Optimizing purely for a clean main context? Push the noisy work out — but reach for a fork over fresh subagents whenever the work shares context.

The takeaway

"Use subagents" isn't a strategy. The real question, every time, is this: are you protecting context, or protecting the token budget? Those are different goals with different answers, and the biggest waste comes from optimizing one while silently bleeding out on the other.

The single most underused move in agentic coding is the long-lived fork — one agent that accumulates context across an entire investigation-to-commit pipeline, instead of an army of fresh agents each rediscovering the world from scratch.

Re-discovery is the cost hiding in plain sight.
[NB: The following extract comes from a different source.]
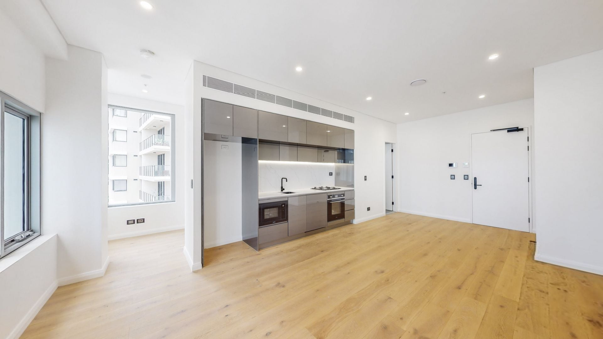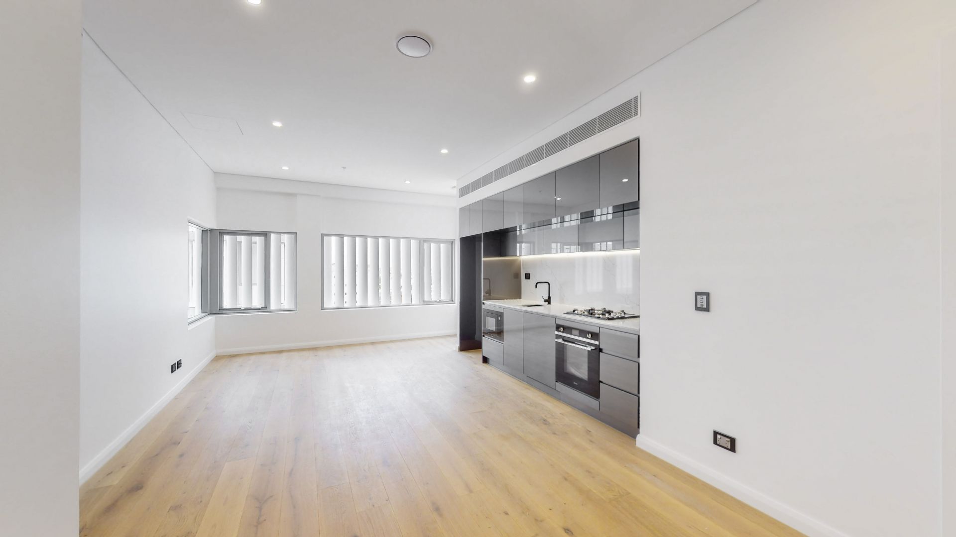 - Large open floorplan with timber flooring in living

Stop paying it twice.

FAQ

What is a coding agent?

A coding agent is an AI system that can read a codebase, run searches and tests, edit files, and carry out multi-step engineering tasks with limited human direction — rather than just autocompleting a line at a time.

What is a fork in agentic coding?

A fork is a delegated agent that inherits the parent agent's full conversation and context, then runs on its own — usually in the background — and reports back a summary. Think of it like branching a session: the child starts already knowing everything the parent figured out, so it skips the re-discovery work a fresh subagent would have to repeat. Because it runs in the background, its noisy tool output never lands back in the main context window. That's what makes it the middle path — lean main context without re-paying the understanding tax. The exact mechanics vary by tool; some frameworks call this session cloning, resuming, or background subagents.

How do you reduce token usage in agentic coding?

Keep work inline when you already hold the relevant context, since nothing has to be re-loaded. Avoid firing off multiple fresh subagents for tasks that share files — that forces each one to re-discover the same code and multiplies your token spend.

When should you use subagents vs. a fork?

Use fresh subagents for independent tasks with little shared context when you want hard isolation. Use a fork when the tasks overlap and you want to protect the main context without re-paying the re-discovery tax.

How do you manage the context window in a long agent session?

Push noisy, output-heavy work out of the main session — but prefer a fork over fresh subagents when that work builds on context you've already established, so the orchestrating agent's window stays lean without losing continuity.